Writing a participant information sheet
The template for producing participant information includes some standard sections which you cannot omit but also sections which you can amend or exclude depending on your study. The guidance will help you produce the participant information by providing further explanation of parts of the participant information.
The advantage of a written Information Sheet is that you and your participants have a record of all the relevant information about the study. In most cases this is supplementary to, rather than replacing, a discussion between the researcher and the potential participant.
For some participants such as very young children, a written information sheet is not appropriate (although for children, their guardian should receive written information about the study). For other participants the information may be presented in a letter or email rather than as an 'Information Sheet'.
The participant information sheet should be designed so that potential participants of your research project can give informed consent to participate in the project.
The participant information information should:
- provide sufficient and appropriate information on which they can base an informed decision, including any risks and benefits
- be written in language that potential participants could reasonably be expected to understand
- be free from coercive language and promises that cannot be kept or unjustified claims of benefits
- be provided for each data collection tool separately so if the research involves both interviews and focus groups, there must be participant information for each activity
- be provided for each group of participants so for example, students receive information relevant to them and staff likewise
The consent form should have tick boxes to allow the participant to consent to each of the statements and, when appropriate, allow the participant not to take part in certain aspects of the study by either agreeing or disagreeing to a statement, e.g. not consenting to their data being used in future research. Both the participant and the researcher obtaining consent should sign the form. Two forms should be signed so that the participant can be provided with a signed copy to keep for their records.
Clear evidence must be obtained that the participant has given informed consent to take part in the study. This will normally be in the form of a signed consent form although other evidence may be acceptable (for example by audio recording consent). It is recognised that there are some rare instances when it will not be possible or appropriate to ask for written consent (e.g. where there are cultural or political concerns with signing contract-like documents).
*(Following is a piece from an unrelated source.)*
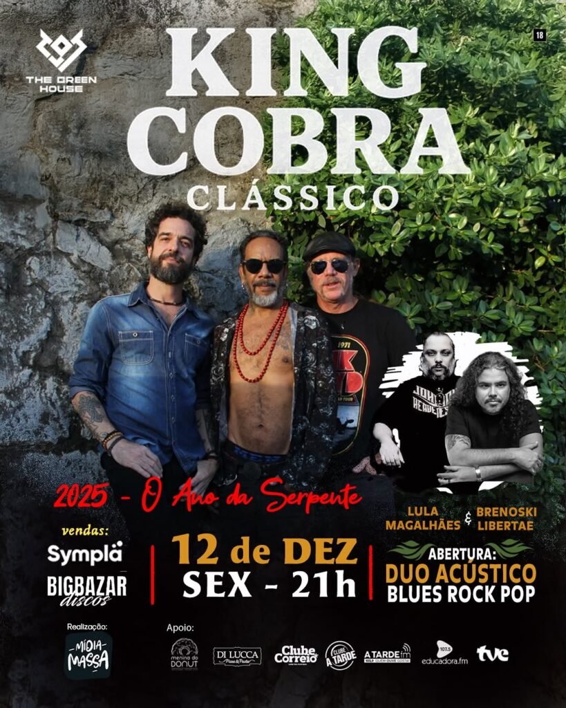 Se não é todo dia em que se comemora 25 anos, também não é todo ano que é regido pela Cobra no Horóscopo Chinês. Imbuídos do espírito de final de ano, em que se repensa a vida e se reforça laços, sejam eles familiares, profissionais ou de amizade, Jorge King, Martin Mendonça e Chris Macchi, da banda King Cobra, concluíram que nada seria mais providencial do que uma confraternização de encerramento deste conturbado Ano da Cobra com o melhor do rock clássico, como desculpa para rever amigos e celebrar a resiliência de todos nós.
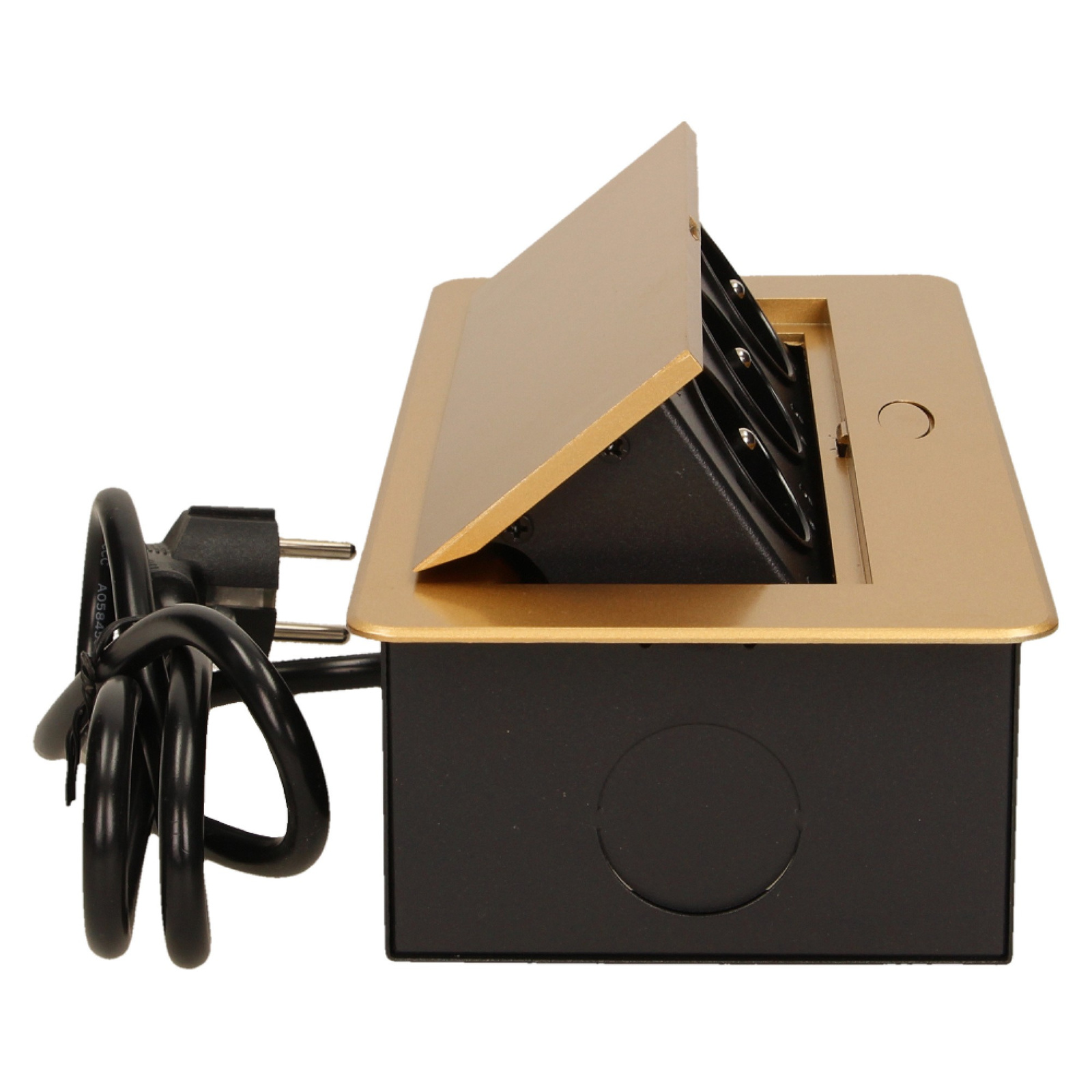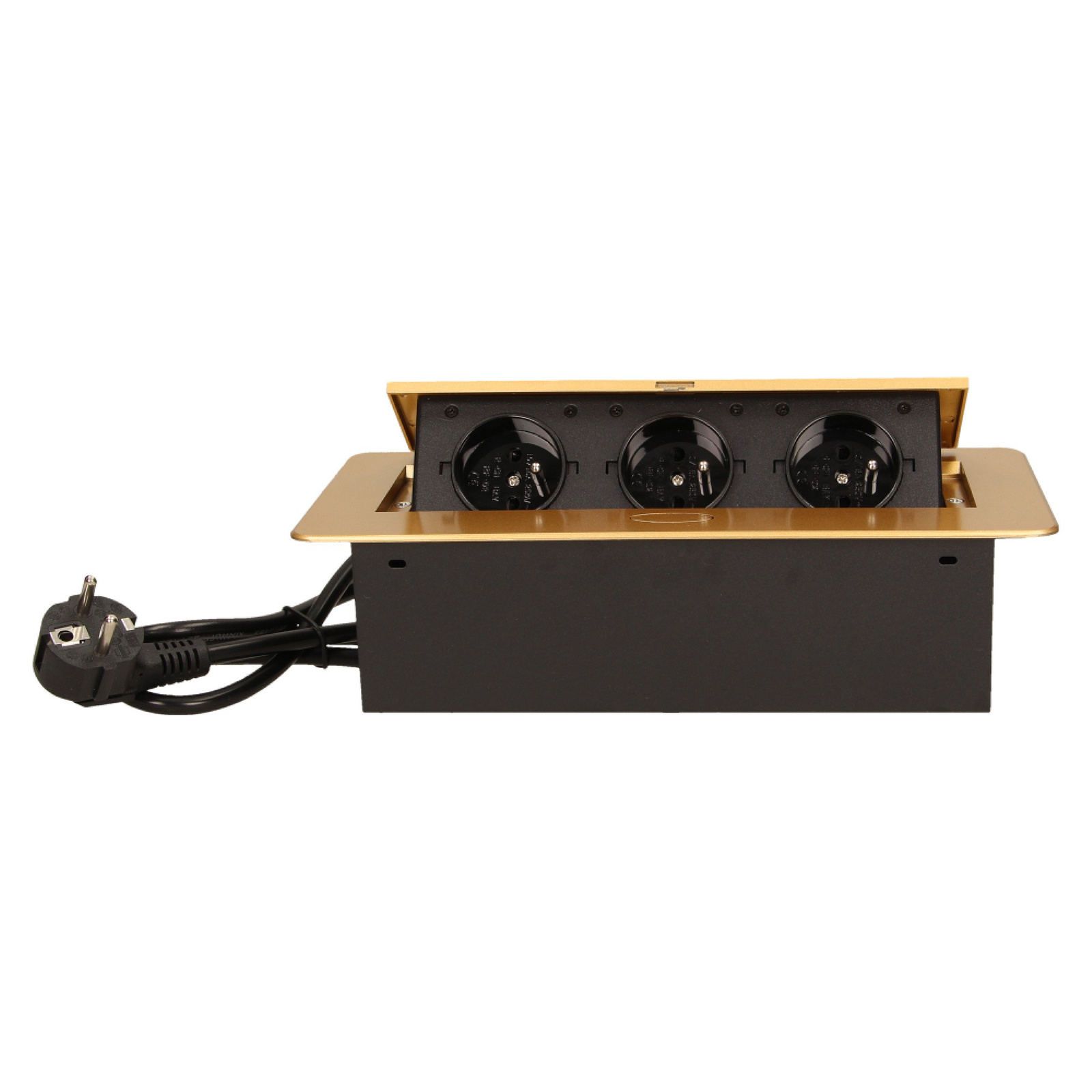 Gniazdo meblowe wpuszczane w blat z płaskim frezowanym rantem i przewodem 1,5m, 3x2P+Z, złote

Opt-in consent is City’s preferred approach, as Opt-out does not reflect a conscious decision by those invited to accept or decline an invitation to participate in research. Requests for opt-out consent will only be considered in exceptional cases and a full explanation should be provided.
Please bear in mind that the template does not cover all eventualities and needs to be tailored depending on the type of study, but, it suggests some potential scenarios.
The consent form should include the following statements:
- I confirm that I have had the project explained to me, and have read the participant information sheet, which I may keep for my records. I have been given the opportunity to ask questions and have had them answered to my satisfaction.
- If applicable, a statement asking the participant to consent to audio and or video recording.
- I understand that my participation is voluntary, that I can choose not to participate in part or all of the project, and that I can withdraw at any stage of the project without being penalized or disadvantaged in any way.
- I agree to take part in this study.
- A statement that asks the participant to agree to City, University of London recording and processing this information about them and that they understand that the information collected in the study will be used only for the purpose(s) set out in the consent form.
- A statement that asks the participant to confirm that they understand how their data will be handled (e.g. stored, destroyed, sharing, what it will be used for).
In addition to the above it would be expected that explicit consent for the following is obtained where applicable:
- Reuse of data and an explanation what the data will be used for, as well as reassurance that the data will only be reused in studies which have been given ethics approval.
- The use of direct quotes.
- Sharing data outside the research team (e.g. with collaborators).
- If using anonymous online/paper surveys, a statement that asks the participant to confirm that they understand that their data cannot be withdrawn and/or when it is no longer possible to withdraw their data, e.g. once the data has been anonymised.
- A statement that asks the participant to confirm that they understand that their anonymous data will be made open access, e.g. to underpin journal publication or to meet funding requirements.